What to Expect in Managed Services OnboardingSean Webb
Curious what’s involved when onboarding to Katalyst Managed Services? Let’s remove any sense of mystery. When it comes to safeguarding your company, you should know what you’re getting with any decision you make.
To give you a better idea of what managed service onboarding looks like when you work with Katalyst, let’s take a look at what you can expect, and the types of problems we tackle most often during onboarding.
What to expect when onboarding with Katalyst
Onboarding with Katalyst generally takes about 30 days to complete. Before we dive into the types of challenges we address during onboarding, let’s do a quick overview of what onboarding is going to look like.
When we have our first kickoff call with you:
- We’ll validate the expectations that were set during the discovery process, so you know how we’re going to do things, what you can expect from us, and what we expect from you.
- We’ll address any questions and lay out our roadmap for you.

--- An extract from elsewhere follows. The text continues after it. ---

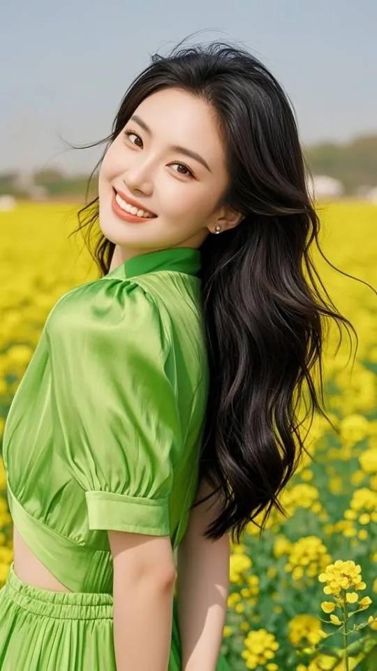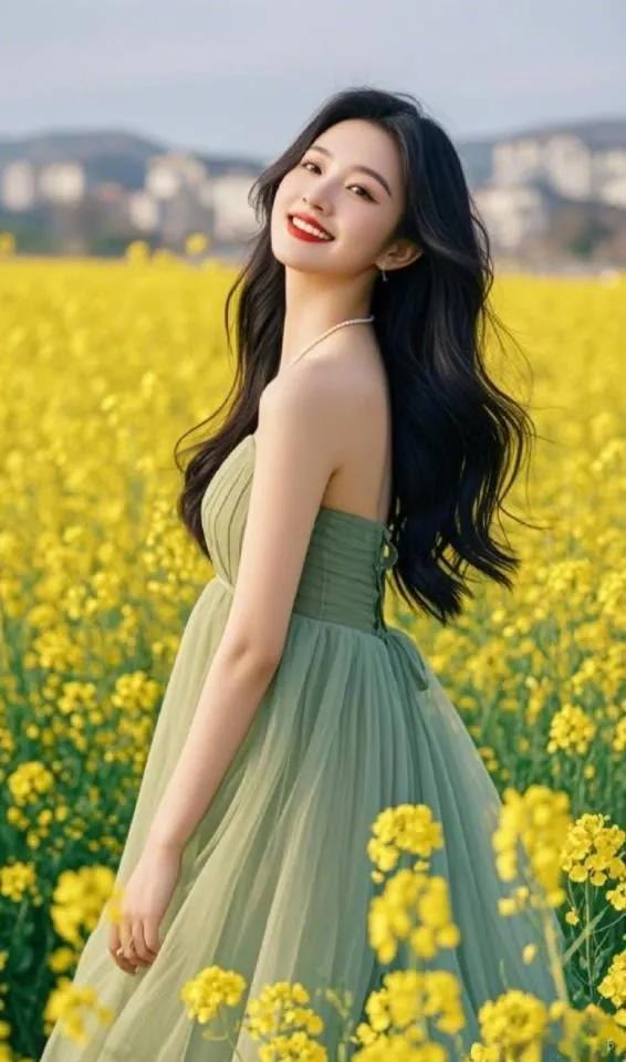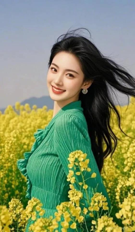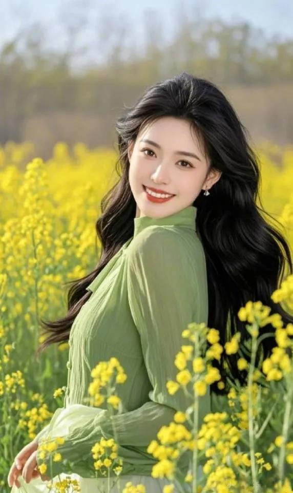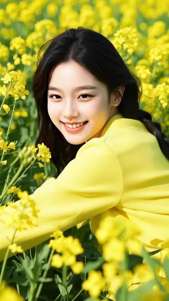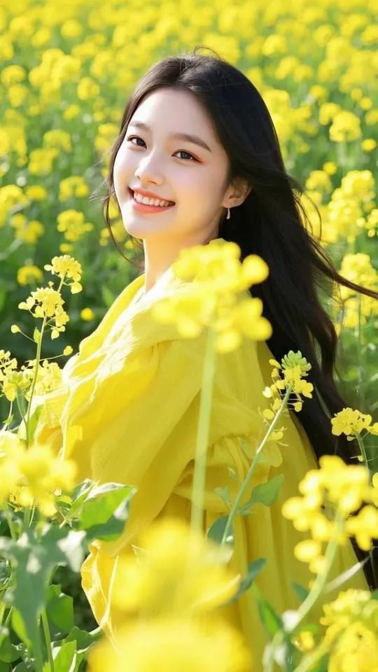 春日暖阳下,绿意盎然中,微笑的少女与花海相映成趣。

- We’ll explain our access needs (e.g. you’ll need to provide us a Windows VM in your environment, as well as access to the environment, and a device list).
Over the following week or so, we start setting up the access mentioned in the call, as you get the relevant security approvals to get us into the network.
From there, you’re off the hook. Once we have access to your network, we go in and do our job, taking responsibility for things like:
- Checking all the devices mentioned in your device list
- Customizing monitoring, to set up what you want us to monitor in your environment. This can be customized per device, per interface on the device, etc., and we can set higher priorities in different areas depending on what you need.
- Meeting with you to make sure we’re monitoring everything you want us to be, so there’s no room for misinterpretation.
Once all that's done, we transition into the next phase, where we turn on your notifications. If there's an alert, it notifies you, and notifies our team to begin working on it.
From there, everything's good to go. We'll provide portal training so you can get into our system and open tickets as needed.
So what kind of issues do we usually find during this process?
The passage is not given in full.